Thursday, July 5, 2007

Could this be Xi Wang Mu - Queen Mother of the West?

Xi Wang Mu (Hsi Wang Mu) is the Queen Mother of the West, the Chinese Daoist goddess of immortality. Many legends have been written about Xi Wang Mu; in some, she hands out beautiful ripe peaches to worthy mortals who, when they eat the fruit, attain the gift of everlasting life. In some legends, Xi Wang Mu started out her life as a mortal woman who achieved everlasting life by mastering a series of tests; in still older legends, Xi Wang Mu was a goddess or the instrument of the primary Chinese mother goddess who inflicted terror and vengence on men, a fearsome creature who is part woman, part tiger. Xi Wang Mu shares many characteristics with other goddesses during the ancient times, including the Egyptian goddesses Isis and Hathor, the Assyrian goddess Astarte (Ashtoroth or Ashtoreth) and the Babylonian goddess Inanna.

During the Qin and Han Dynasties in particular (220 BCE - 206 BCE and 206 BCE - 220 CE), the Goddess Xi Wang Mu became closely identified with the board game liubo (literally "six sticks").
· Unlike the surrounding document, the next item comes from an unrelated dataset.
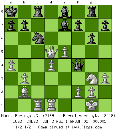 Last move : 1/2-1/2 2018 September 21 22:58:30 [Event "FICGS__CHESS__CUP_STAGE_1_GROUP_02__000002"] [Site "FICGS"] [Date "2018.07.02"] [Round "1"] [White "Munoz Portugal,Guillermo"] [Black "Bernal Varela,Nelson"] [Result "1/2-1/2"] [WhiteElo "2199"] [BlackElo "2418"] 1.e4 e6 2.d4 d5 3.e5 c5 4.c3 Ne7 5.Bd3 Nbc6 6.Ne2 cxd4 7.cxd4 Nb4 8.O-O Nxd3 9.Qxd3 Bd7 10.Nbc3 Qb6 11.Ng3 O-O-O 12.Rd1 Kb8 13.Qf3 Be8 14.b3 Nc6 15.Nc3e2 Rc8 16.Nh5 Ka8 17.h3 Qd8 18.Ne2f4 Rg8 19.Bb2 Qg5 20.Ng3 Qh4 21.Ra1c1 g6 22.a4 Be7 23.Nxd5 exd5 24.Qxd5 Qf4 25.Ne2 Qg5 26.Ng3 Qf4 27.Ne2 Qg5 28.Ng3 Qf4 1/2-1/2 French : Advance variation Kingside Castling by player White (move 8) Queenside Castling by player Black (move 11) This chess game ended in a draw. Follow this game move after move (download)All Chess players should have a hobby. (Savielly Tartakower) Wie bekannt hörte Morphy 1859 auf, Schach zu spielen. Seine Enttäuschung galt nicht so sehr dem Schach, wie den Schachspielern. (Robert James Fischer) La enorme capacidad mental, en la que sin ella no puede un jugador de Ajedrez existir, es demasiado requerida por el Ajedrez al grado de que nunca podrá liberar su mente de este juego. (Albert Einstein) Votre seul travail dans les ouvertures est d'obtenir un milieu de partie jouable. (Lajos Portish) Mac users swear by their computers. PC users swear at their computers. (Author unknown)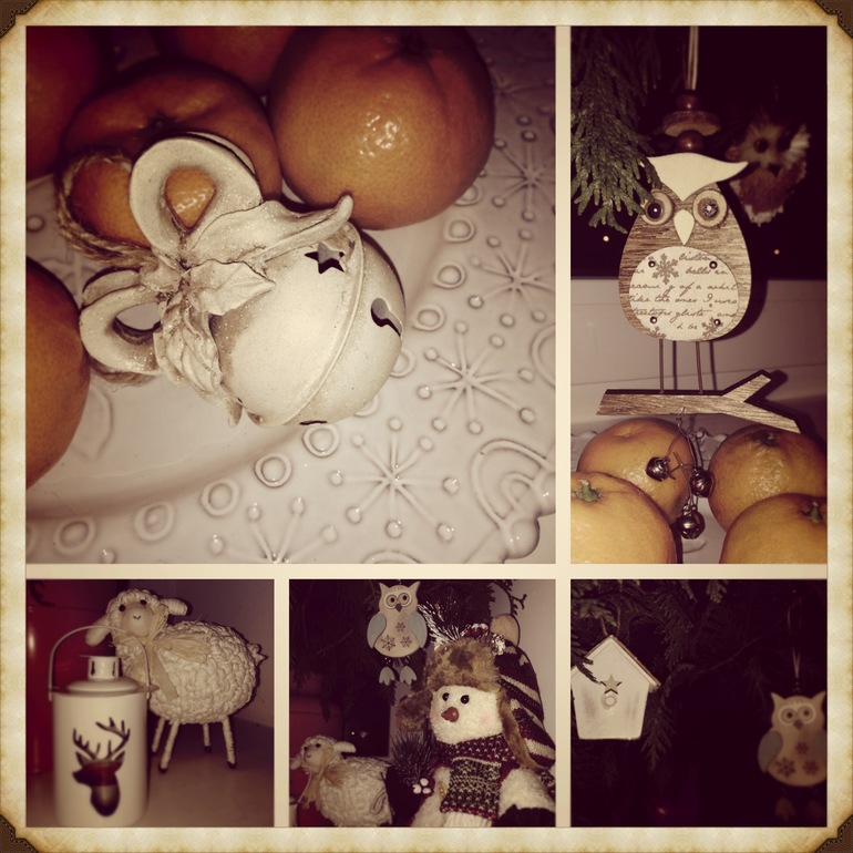 По совушкам у меня дочь;) все птички были куплены случайно... В каких-то неприметных магазинчиках... А рядом с мандаринами лежит бубенец. Металлический, а бант, по-моему, что-то полимерное. Просто на "елке" он был бы лишним, а среди мандаринов ему самое место.

Liubo was first mentioned in events in the Shang dynasty (1600-1028 BCE), some six to twelve centuries after the invention of Weiqi ("Go"), but it died out from popular by the 5th century CE.

Some authors have suggested that liubo was an ancestor of Xiangqi - Chinese Chess; others see no connection, and others still say the evidence is insufficient to say either way.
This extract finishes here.